NY Times headline search for "Harlem riots" (results = 1870-1974)

The Root of the Trouble (editorial, Jul 23, 1964)

The headlines show your list of riots, racial or otherwise, in Harlem over the years. In each, police behavior is cited as a cause, and, as far as I can tell from the survey of headlines, absolved in the specific in hearings and reviews. The '64 editorial gives that year's problems to, in ascending order of importance, radicals, police, and poverty. Call me naive, but I'm thinking that the role of the police is far more reactive than causal.

I think it all rather affirms McWhorter's view that the radicalization of the civil rights movement did nothing to resolve the crises, and that the crises were less drastic than presumed by apologists of the riots. Certaintly, everyone agrees that better economic conditions were the fundamental cure. McWhorter seems to say that that solution was well on the way prior to 1968, and was halted, so far as the inner city goes, by the welfare state. Wilkins punts when he takes on McWhorter on this point:

...And Watts and the explosions that followed helped fuel a conservative backlash that undermined the massive effort needed to address the problems it exposed.
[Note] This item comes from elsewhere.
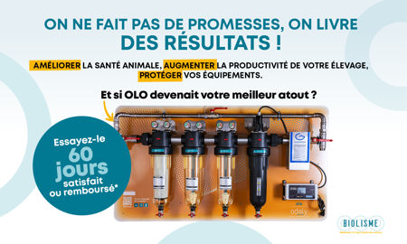 « On ne fait pas de promesses, on livre des résultats, avance Biolisme. Notre système Odaly s’accompagne d’ailleurs d’une offre satisfait ou remboursé ! » Odaly est la solution idéale pour purifier l’eau sur votre exploitation. La dynamisation restaure les propriétés naturelles de l’eau. Son système de microfiltration réduit drastiquement les niveaux de chlore et de calcaire, piège les polluants et neutralise les agents pathogènes.

The Watts legacy is not about tinkering with welfare policy. As the Kerner Commission warned us 2 1/2 years after the riots (a warning soon to be all but forgotten), the problem comes from a place deep inside the American soul. The profound damage done to unlucky blacks trapped in poverty and to whites trapped in indifference or bigotry will still require an enormous amount of sustained American will and decency to correct. That is the real legacy of Watts.
He's kidding himself. You think he could learn anything from Booker Washington?
22 posted on 08/25/2005 7:30:20 PM PDT by nicollo (All economics are politics.)